Der Schule würde eine Trendumkehr in manchen Bereichen sicher nicht schaden. Mit Sicherheit ist es beispielsweise an der Zeit, mit den Auswüchsen einer verordneten Spiel- und Spaßschule abzurechnen, die den Lehrer unter Mißachtung der Grenzen seiner psychischen Belastbarkeit zum zweitklassigen Fernsehmoderator, Spektakel-Referenten, Eltern-Ersatz oder Therapeuten verpflichtet. Entbehrlich wären zweifellos auch zum Dogma erhobene Pädagogik-Moden wie schulische Sitzordnungen mit Gruppentisch und halswirbelverrenkten Kindern auf politisch-modisch gewordenen Sitzbällen, ohne Sicht auf die Tafel. - Ein Aus auch dem permanenten Wohlfühl-Zwang, der Schule mit Selbsterfahrungsgruppe verwechselt.
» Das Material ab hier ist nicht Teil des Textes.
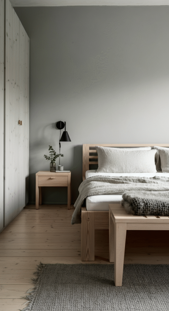 Scandinavian design embraces functionality and simplicity, making it a perfect fit for rustic layouts. A Scandinavian rustic bedroom layout uses light-colored wood, pale walls, and subtle pops of color to create a serene environment. A soft, woolen throw or sheepskin rug can make the space feel warmer and more inviting.
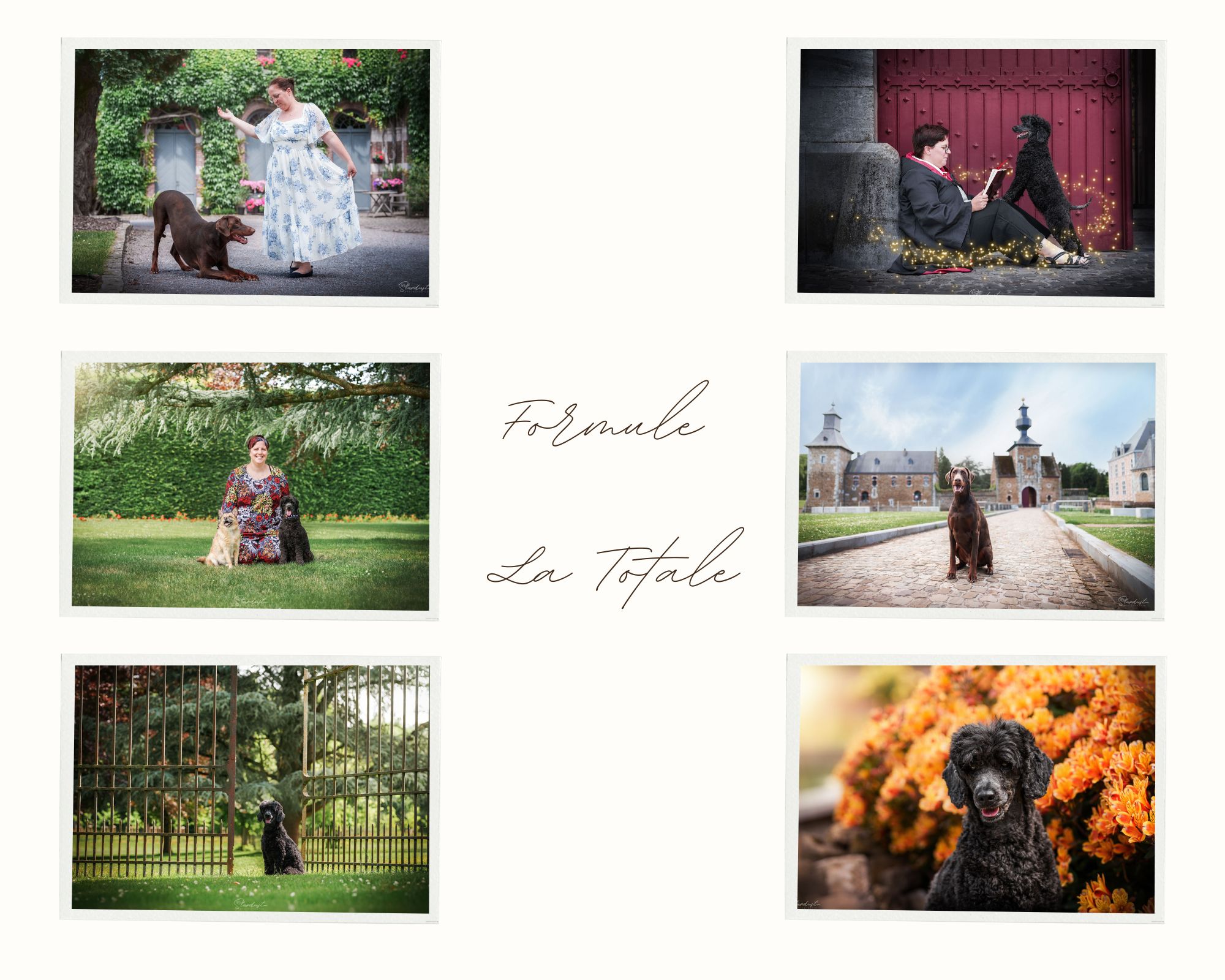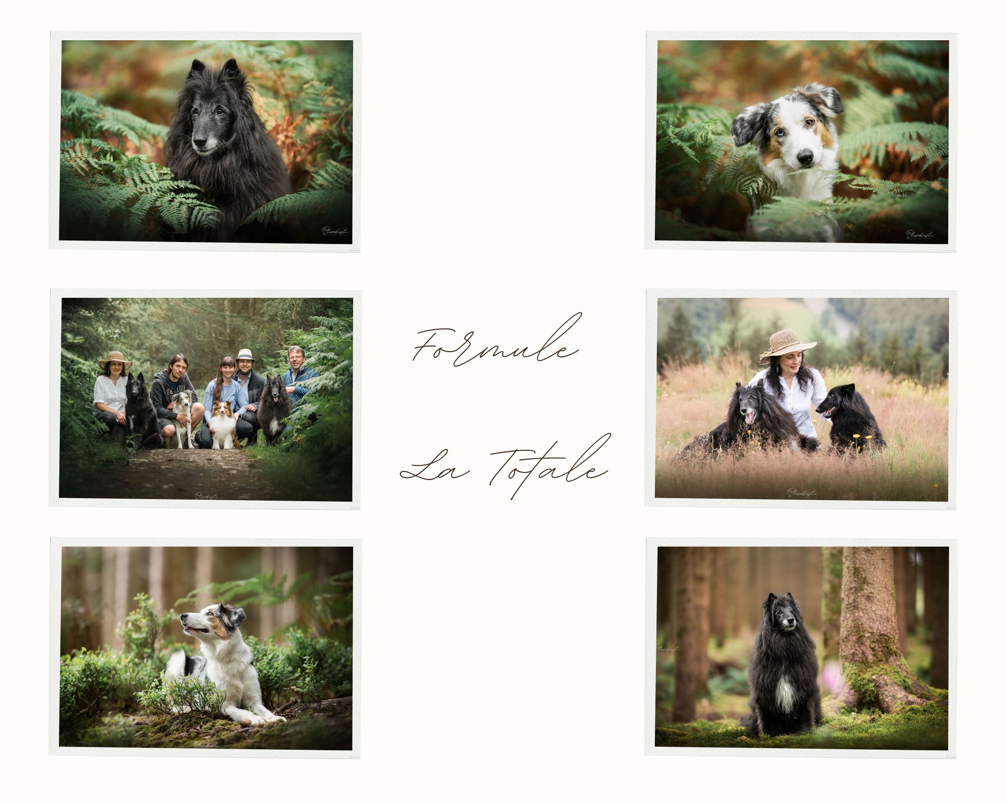 - Séance mixte (par ex. une série sur un terrain d’agility + une série aux alentours avec des portraits en famille)

Und höchste Zeit auch, wenn sich künftig die permanente psychologisch-therapeutische Schwere von den Kindern löst und sich die zeitgeistigen esoterischen Nebel über ihren Problemen wieder etwas lichten würden.

Kurskorrektur Bei aller Befürwortung einer Trendwende besteht zweifellos die Gefahr, daß das Pendel zu sehr in die Gegenrichtung ausschlägt. Aber es geht um berechtigte Kurskorrekturen in vielen Einzelbereichen, nicht darum, mit pauschalierenden Politikerworten alle pädagogischen und lernpsychologischen Erkenntnisse und Bemühungen der letzten Zeit herunterzumachen! Erziehung und Schule können sich nicht allein an Effizienz, Leistung oder Arbeitsmarkt orientieren. Wir brauchen pädagogische Schonräume, Leistung allein kann nicht der Weisheit letzter Schluß sein.

Pädagogische Trendwende also ja, wenn sie den längst fälligen Abschied von der schönen Vision einer völlig repressionsfreien Erziehung bringt, die ohnedies meist im erzieherischen Vakuum endet. Pädagogische Trendwende aber nein, wenn sie ein bloßes Zurück zu autoritär-fremdbestimmer Härte meint und Autorität mit Zwang und Unterdrückung anstelle von Erfahrung, Wissen, Vertrauen, Menschlichkeit gleichsetzt.

Der Autor ist Kinderpsychologe und Psychotherapeut sowie Lehrbeauftragter an der Pädagogischen Akademie in Innsbruck.